-- Opening Marker --

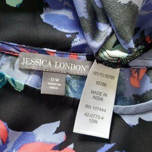 Jessica London Top Size 12W Tunic Side Slits Floral Sleeveless Blue NWT
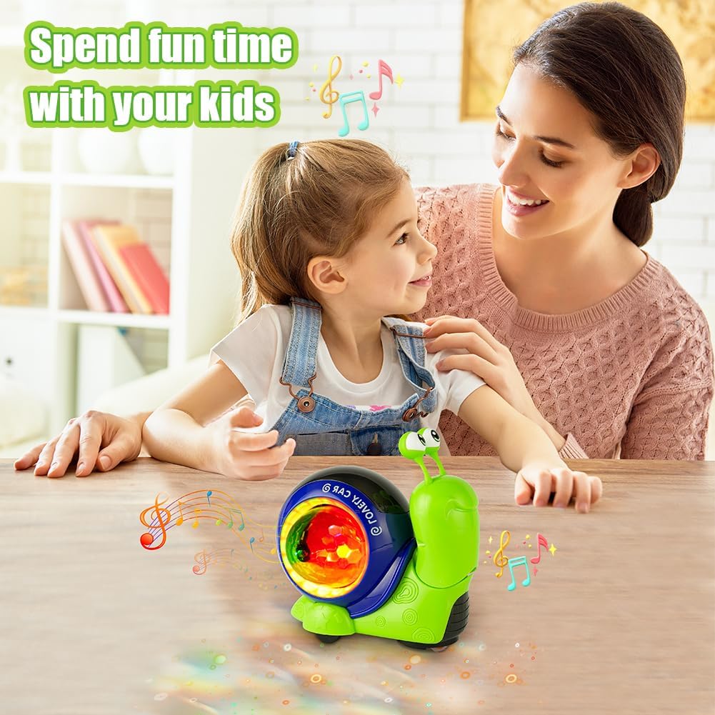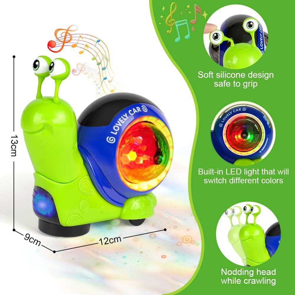 【Wonderful Lights and Music】The musical snail toys has a built-in music system, a rotating colorful LED luminous ball, and emits colorful lights when turned on. When it‘s turned on at night, it‘s accompanied by dynamic music, creating a fascinating light show.
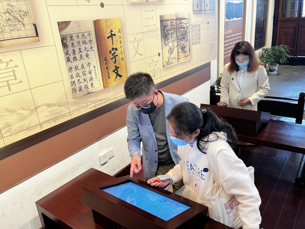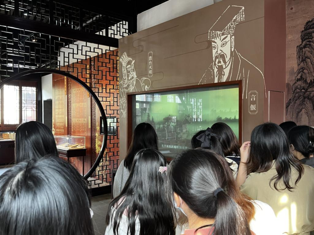 古代馆则向同学们展示了苏州教育的发展历程。彼时苏州,官学、私学相生相荣,汇聚成绵延不绝的姑苏千年文脉,一幅动态的《姑苏繁华图》便向同学们生动再现了清朝时期苏州教育的盛况。在古代馆的互动展厅,刘老师与同学们一同玩起了对对子小游戏,体会了一回古代学子的中举历程。
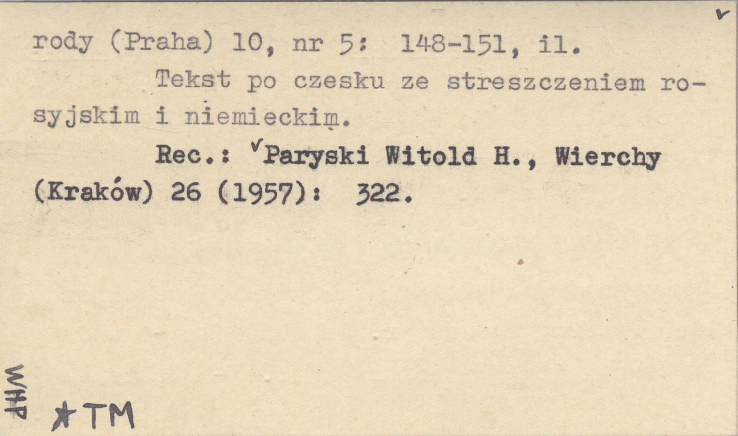 Ochrana Přírody (Praha) , 10, nr 5: 148-151, il. Tekst po czesku ze streszczeniem rosyjskim i niemieckim. REC: PARYSKI Witold H., Wierchy (Kraków) 26 (1957): 322.
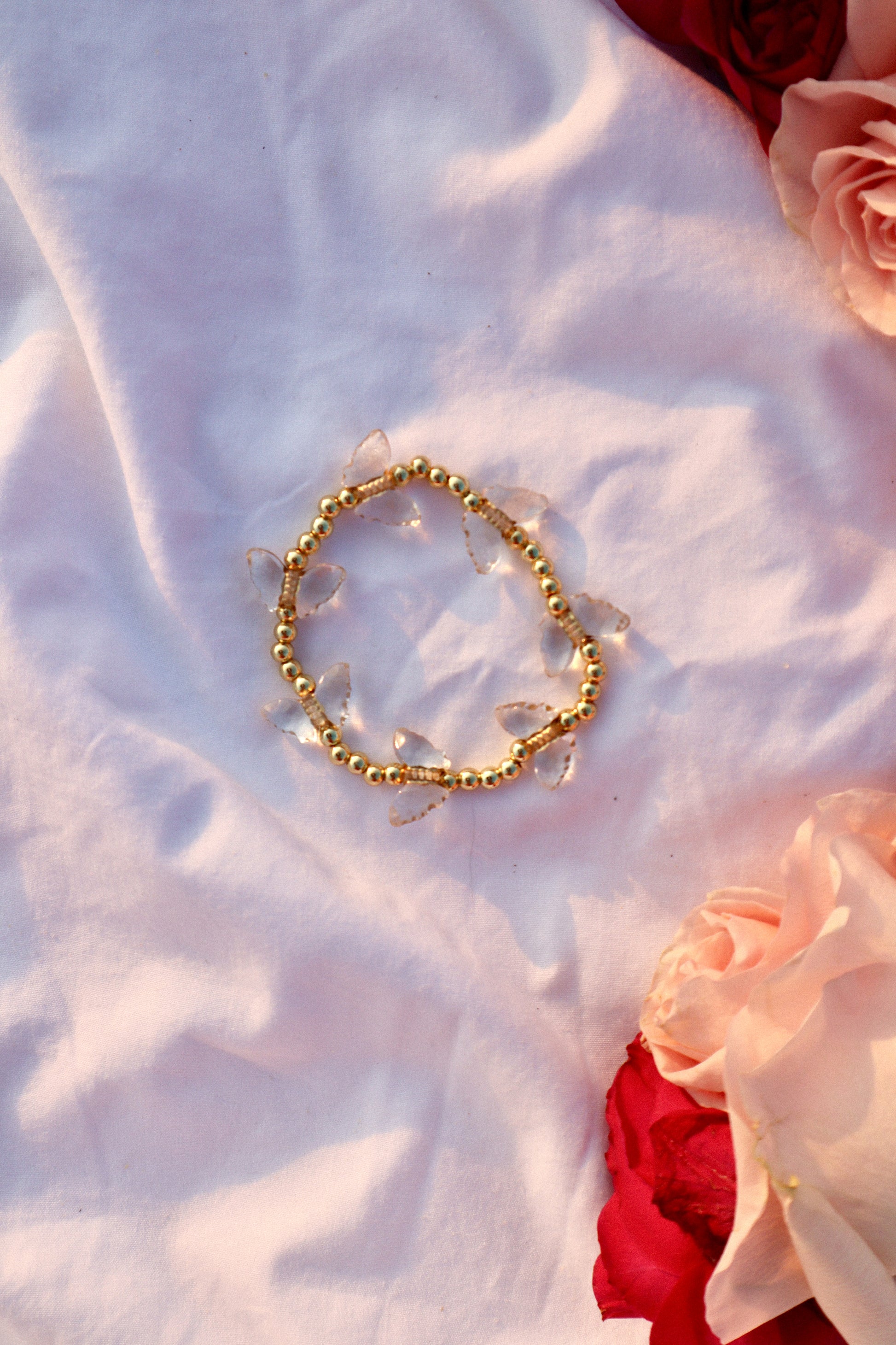 This darling bracelet is adorned with clear butterfly charms that seem to twirl mid-air.
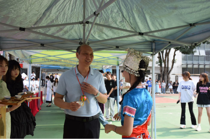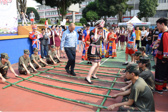學院副院長黃七零和(hé)學生一起體驗竹竿舞活動

-- Closing Marker --

#### What is required
Leave images out of the retyped records; keep all else exact.

#### Exercise solution
 Jessica London Top Size 12W Tunic Side Slits Floral Sleeveless Blue NWT
 【Wonderful Lights and Music】The musical snail toys has a built-in music system, a rotating colorful LED luminous ball, and emits colorful lights when turned on. When it‘s turned on at night, it‘s accompanied by dynamic music, creating a fascinating light show.
 古代馆则向同学们展示了苏州教育的发展历程。彼时苏州,官学、私学相生相荣,汇聚成绵延不绝的姑苏千年文脉,一幅动态的《姑苏繁华图》便向同学们生动再现了清朝时期苏州教育的盛况。在古代馆的互动展厅,刘老师与同学们一同玩起了对对子小游戏,体会了一回古代学子的中举历程。
 Ochrana Přírody (Praha) , 10, nr 5: 148-151, il. Tekst po czesku ze streszczeniem rosyjskim i niemieckim. REC: PARYSKI Witold H., Wierchy (Kraków) 26 (1957): 322.
 This darling bracelet is adorned with clear butterfly charms that seem to twirl mid-air.
學院副院長黃七零和(hé)學生一起體驗竹竿舞活動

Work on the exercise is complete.